Vivendi jumped as much as 6.6 percent to 13.25 euros and was up 4.6 percent at 9:15 a.m. in Paris. Net income excluding one-time gains or losses and some costs was 823 million euros ($1.1 billion), compared with the 765 million-euro average of analyst estimates compiled by Bloomberg. Sales slipped 0.9 percent to 7.1 billion euros, also exceeding predictions, helped by Universal Music Group and the GVT Brazilian division.
SFR, which accounted for 41 percent of Paris-based Vivendi’s sales and 35 percent of profit in the period, has cut prices to stop customers from defecting to discounter Iliad SA. (ILD) With SFR’s new Chief Executive Officer Michel Combes due to start on Aug. 1, the carrier is working on cutting network, computer and call-center costs, Pierre Trotot, SFR’s senior executive vice president, said on a conference call yesterday.
“With the first-quarter numbers not bringing any further nasty surprises and management’s comments on cost cutting, there may be some light at the end of a very long tunnel,” Ian Whittaker, an analyst at Liberum Capital in London, wrote in a note.
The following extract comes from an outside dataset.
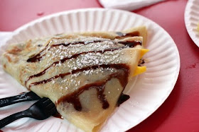 Don't laugh...yes, 2 eateries at once! Did you really think 3 crepes can fill up a family of 5? And when right across the street a 'hot' pizza stand that always has a long line is line-less, you would go too.
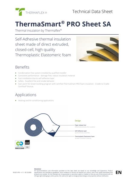ThermaSmart PRO Sheet SA est une feuille d'isolation thermique auto-adhésive en mousse thermoplastique élastomère de haute qualité, conçue pour les applications de chauffage et de climatisation, offrant un excellent comportement au feu et à la fumée.

He has a buy rating on the shares.
Iliad, the broadband provider founded by entrepreneur Xavier Niel, won 2.6 million subscribers within the first 80 days of its mobile-service launch, in a burst that is unprecedented in the past decade in Europe.
The company, which operates under the Free brand, became France’s fourth mobile-network operator on January 10, with packages starting at 2 euros.
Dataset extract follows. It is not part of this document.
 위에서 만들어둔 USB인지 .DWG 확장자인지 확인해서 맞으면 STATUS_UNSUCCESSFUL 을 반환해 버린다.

Iliad shares jumped 6.1 percent to 104.60 euros in Paris.
“The first quarter hardly felt the impact of the fourth entrant,” SFR’s Trotot said yesterday. “You will see the drop in our Ebita as soon as the second quarter.”
Vivendi continues to project a decline of as much as 570 million euros in earnings before interest, taxes, depreciation and amortization at SFR in 2012, from 3.8 billion euros last year. First-quarter earnings before interest, taxes and amortization at SFR slipped 0.9 percent to 561 million euros.
SFR plans to reduce operating expenses by as much as 450 million euros this year through firings, cuts in marketing spending and renegotiating contracts with call centers, two people with knowledge of the matter said last week.
Vivendi reiterated its forecast adjusted net income of “above” 2.5 billion euros this year, or a decline of as much as 15 percent from 2011. It said in March it expects an earnings slump that will last through 2013, largely because of SFR, about a year after CEO Jean-Bernard Levy spent 7.95 billion euros to take full control of the unit from Vodafone Group Plc. (VOD)
Universal Music Group reported Ebita growth of 48 percent to 68 million euros. Chief Financial Officer Philippe Capron said on the call that one should “not over-emphasize” the unit, even though it has important scheduled album releases including Justin Bieber, Jennifer Lopez and Taylor Swift.